Who would win in a fight between the Tory leadership candidates?

Kyle Picknell

10 staggeringly incompetent candidates were nominated, only six of the marginally less incompetent choices remain. But who would win a scrap? Let us find out, together

The 2019 Conservative Party leadership election is now in full swing as Britain prepares to come face to face with a new prime minister by July 22. One of the following six names will win: Boris Johnson, Jeremy Hunt, Michael Gove, Dominic Raab, Sajid ‘The Saj’ Javid and Rory Stewart.

On Sunday night all of the above, bar Johnson, took part in a televised debate on Channel Four, assembling at respective podiums in front of Krishnan Guru-Murthy like the worst Weakest Link ‘celebrity’ special you’ve ever laid your eyes on. As I didn’t watch, because you can literally find five awful Tory men all attempting to interrupt each other in just about any pub in Central London, I can’t possibly tell you who won.

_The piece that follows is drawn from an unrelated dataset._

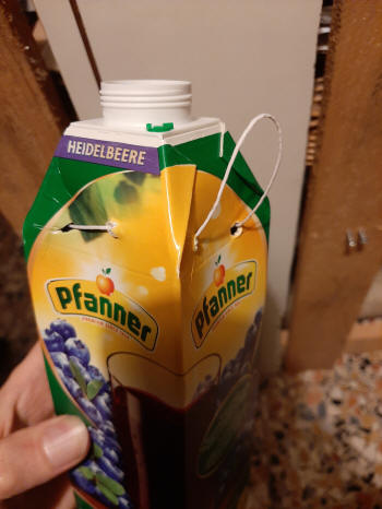 La corda viene fatta passare negli angoli, in totale 8 buchi. Qui si vede un vaso da 1l singolo e uno da 2l sempre singolo
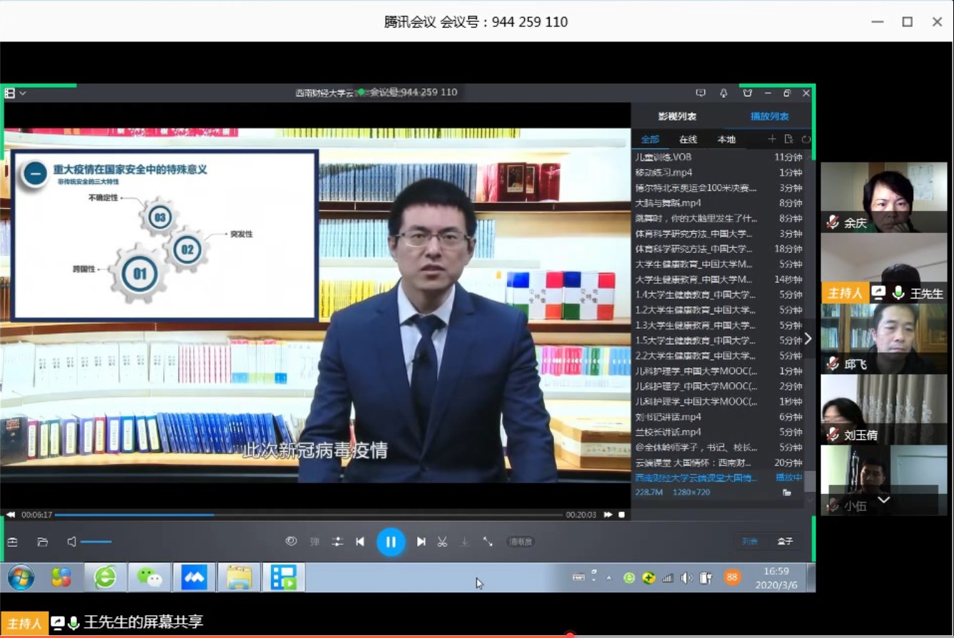接下来,全体观看了西南财经大学云端课堂大国情怀主题为《共同战“疫”:新冠疫情防控中的中国责任与全球合作》的讲座。大家认为讲座使全体对社会、生态、公共卫生、虚拟空间以及非人类行为体等的入侵等非传统方式的安全风险有了更深刻的认识。刘玉倩教授认为,在当前复杂的国际形势下,我们不仅面临着传统的安全风险,更面临着一些非传统的安全风险,我们要具有高度的政治责任感,举国上下同心戮力。卜秋香同志说,当代,安全与以往不同,一方面我们要时刻保持警醒、理性看待、不断学习,用科学武装自己,科学防范安全风险、科学防疫,另一方面也要具有大国情怀,承担更重要的国际责任。

Rory Stewart had his new fans championing him on social media afterwards, but so too did Boris Johnson’s empty plinth. I guess there never really is a winner when Tories come together like that, to answer questions like “What is your greatest weakness?” with all the humility and self-awareness of, well, a Tory leadership candidate.

Let’s imagine it differently, let’s make them fight instead. I’m thinking a no holds barred free-for-all where each candidate is allowed a single weapon of his choosing and the winner is the last man standing. Yeah. That’s what I’m thinking. So that’s what you’re getting, I’m afraid.

As these are six Tories, we can hold the fight neither in the Octagon or a wrestling ring, the most suitable venues, as no Tory has ever gone to the UFC or a wrestling event in the same way that no Tory has ever gone to the darts, or been in a Wetherspoons before 11 am. Instead, we will host the fight in their natural habitat: a random upper floor in one of the plethora of global bank-owned, characterless towers of glass in Canary Wharf.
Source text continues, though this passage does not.